A quick and easy way to own the S&P 500 is to buy an exchange-traded fund (ETF) that tracks all of the companies in the S&P 500. The most popular such ETF is the SPDR® S&P 500® ETF. Its trading symbol is SPY. You can buy it in your brokerage account. All ETFs charge fees to cover their expenses, but while some annual fees can approach one percent or more, the annual fee for SPY is a mere 0.09 percent. High fees will significantly reduce your total return over the long run so avoid ETFs that have them.
Dividend-paying stocks are a real plus to investors. They pay cash dividends based on the dividend rate and number of shares that you own. For example, if you owned 100 shares of a stock that paid an annual dividend of $1.00 per share, you would receive $100. Assume the stock price was $50 per share.

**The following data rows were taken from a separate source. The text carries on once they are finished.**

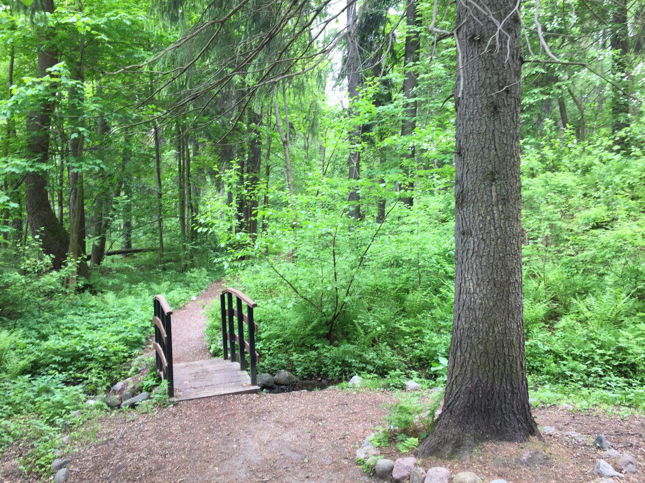 Экотропа местами выстлана деревянными панелями, через ручьи переброшены живописные мостики. Вдоль тропы, что важно, установлены урны и информационные стенды с рассказами о флоре и фауне района (например, о гигантских муравейниках). Завершается она выходом к Финскому заливу.
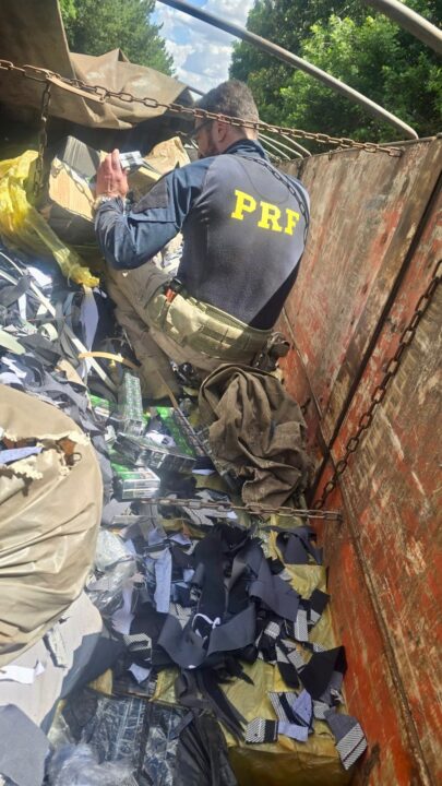 PRF e Brigada Militar apreendem caminhão com mais de 90 mil maços de cigarros contrabandeados na BR-386
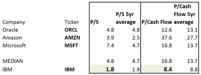 Furthermore, if we compare IBM's historic P/Sales or P/Cash Flow ratio, we can see that IBM is currently being priced very close indeed to its own historical average - there is no real bargain opportunity present.
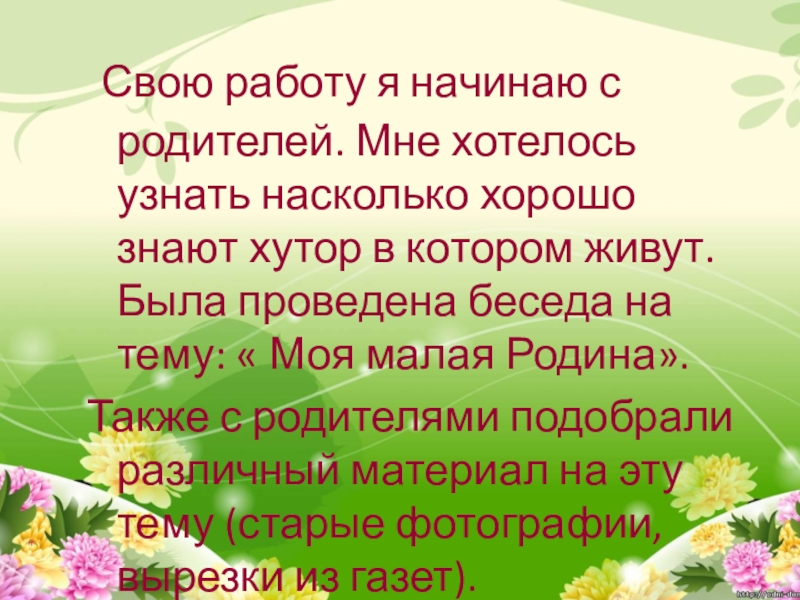 Слайд 7 Свою работу я начинаю с родителей. Мне хотелось узнать насколько

With dividend reinvestment enabled in your account you would buy two additional shares with the $100 dividend giving you a total of 102 shares. The next time a dividend was paid you would receive $102 because you owned 102 shares. Over many years buying shares with dividends paid to you (dividend reinvestment) will significantly increase your total return. Dividends are usually paid every three months so over many years you'll accumulate additional shares and more shares means more dividends which means more shares via dividend reinvestment and so on. Simply select the dividend reinvestment option in your account and the actual dividend reinvestment process is done automatically.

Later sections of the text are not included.